Task item
In the entries below, repeat only the lines between those holding "Add a touch" and "The April Birthstone", inclusive. Leave pictures out.

_ _ _

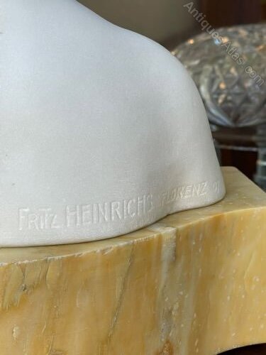 A superb early 20th century Italian carved white Carrara marble head and shoulders of a young boy on a marble plinth. Signed Fritz Heinrichs, Florenz and dated 07.
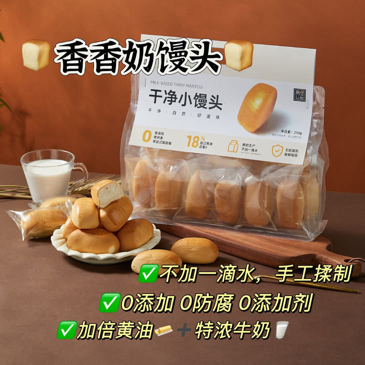 而且,每块奶香馒头当中含有8%的鲜鸡蛋 还有3%的新西兰奶粉和炼乳 蛋白质和钙营养直接给你拉满👍 ⭐吃一块小馒头≈喝下一杯纯牛奶! 口感更甜润、营养更丰富
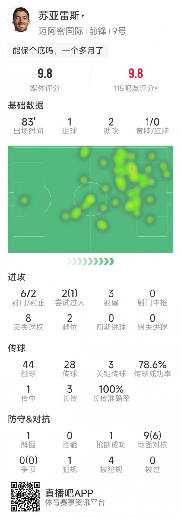 英超最新战报积分榜 8月7日讯 在联盟杯小组赛迈阿密国际对阵墨西哥美洲狮的赛事 中,苏亚雷斯杆位出战表现出色,以下为他在本场数据: 赛事 时间83分钟 1粒得分 2次助功 6次射球 2次射正 2次过人1次成功 44次触球 3次关键传送球 传送球 成功率78.6% 1次解围 1次抄截 9次对峙 6次成功 评分9.8分 英超最新战报积分榜......
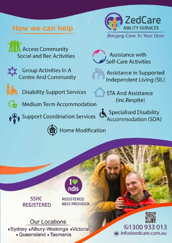 ZedCare Ability Services is one of the leading registered NDIS providers in Sydney offers most cordial and compassionate disability services. This includes assistance in self care activities, community and social activities, STA and respite care, SIL, SDA, Home modification and many more. https://www.zedcare.com.au
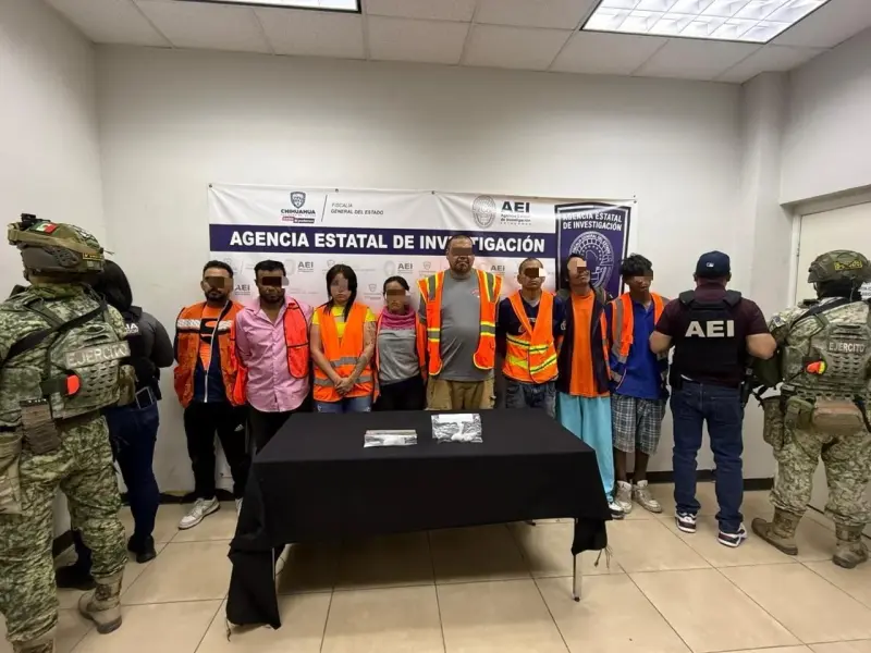 CHIHUAHUA, Chih., 18 de abril de 2026.-Elementos de la Agencia Estatal de Investigación (AEI), adscritos al Centro de Operaciones Estratégicas (COE), cumplimentaron una orden de cateo en un inmueble de la calle Montes Himalaya de la colonia La Cuesta II, en donde ocho personas fueron detenidas en flagrancia por delitos contra la salud.
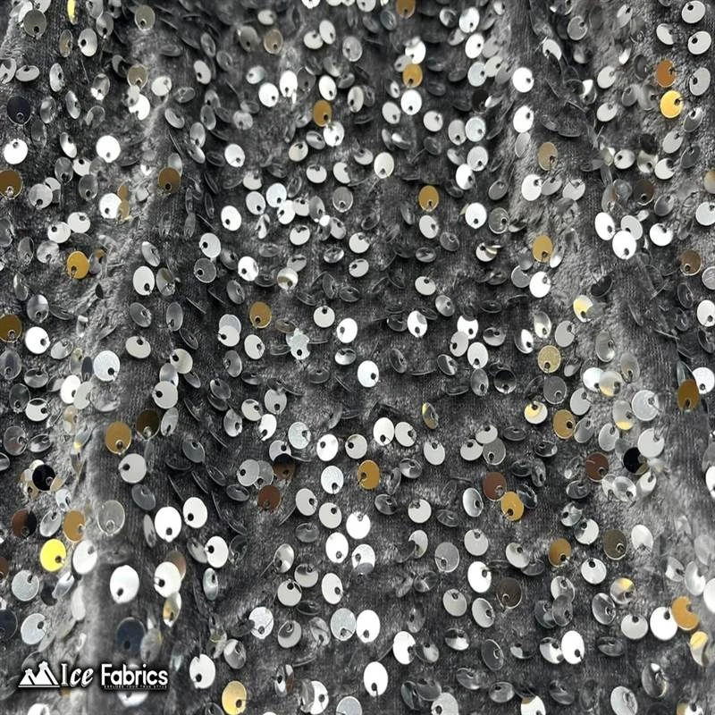 Add a touch of oomph to your look with this Gray Emma Embroidery Sequins on Velvet Fabric. This gorgeous velvet fabric is perfect for wedding, prom, and ballet wear.
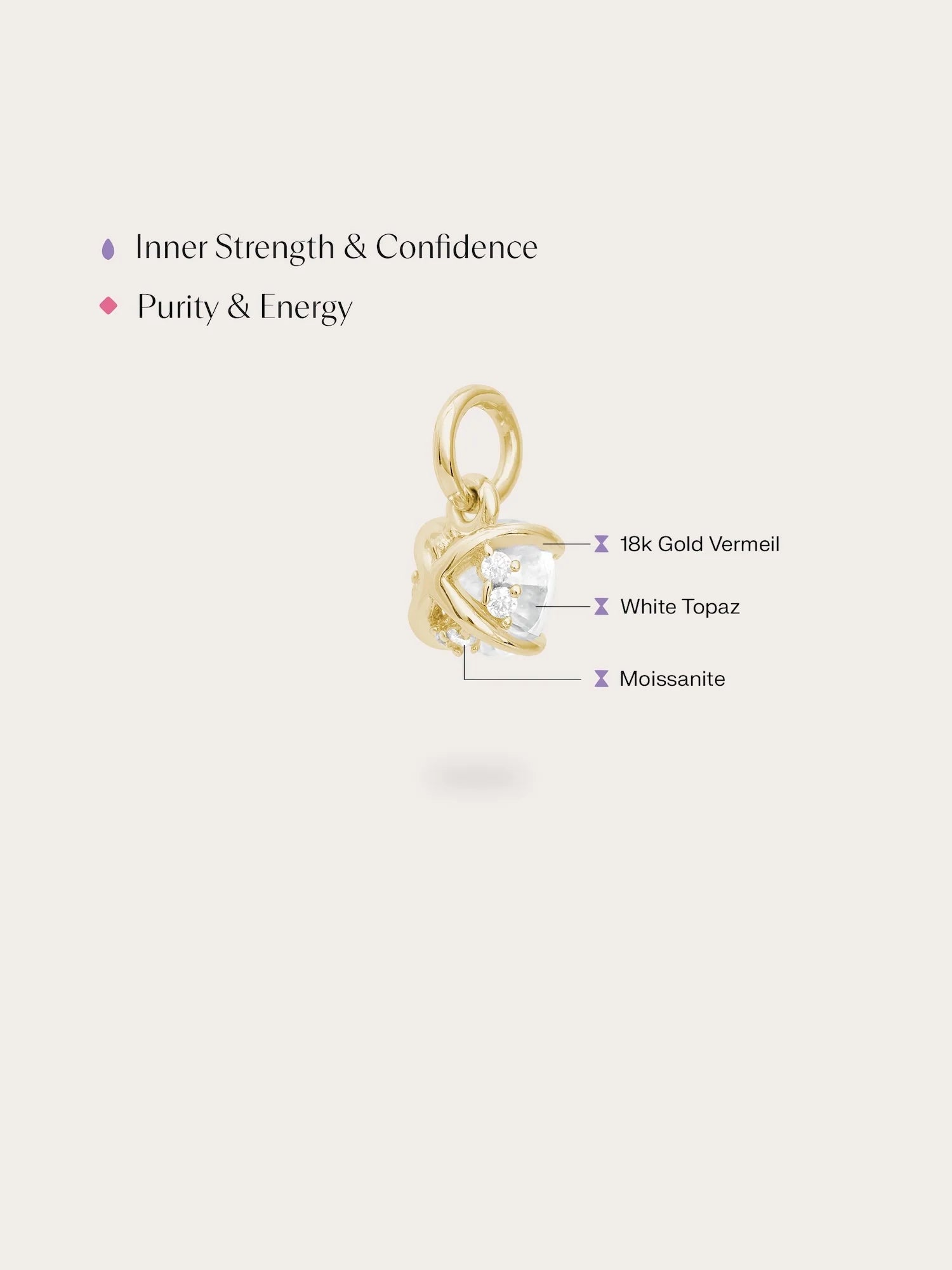 The April Birthstone Charm showcases a natural, diamond-cut white topaz, set in a charm inspired by the timeless “XO” symbol of hugs and kisses - symbolizing love and connection.
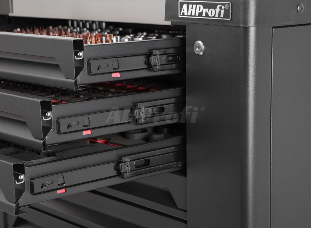 Vysoká konstrukce vozíku s množstvím úložného prostoru s celkem 10 zásuvkami a boční skříňkou umožnuje dokonalý přehled nad nářadím.

_ _ _

Your solution
 Add a touch of oomph to your look with this Gray Emma Embroidery Sequins on Velvet Fabric. This gorgeous velvet fabric is perfect for wedding, prom, and ballet wear.
 The April Birthstone Charm showcases a natural, diamond-cut white topaz, set in a charm inspired by the timeless “XO” symbol of hugs and kisses - symbolizing love and connection.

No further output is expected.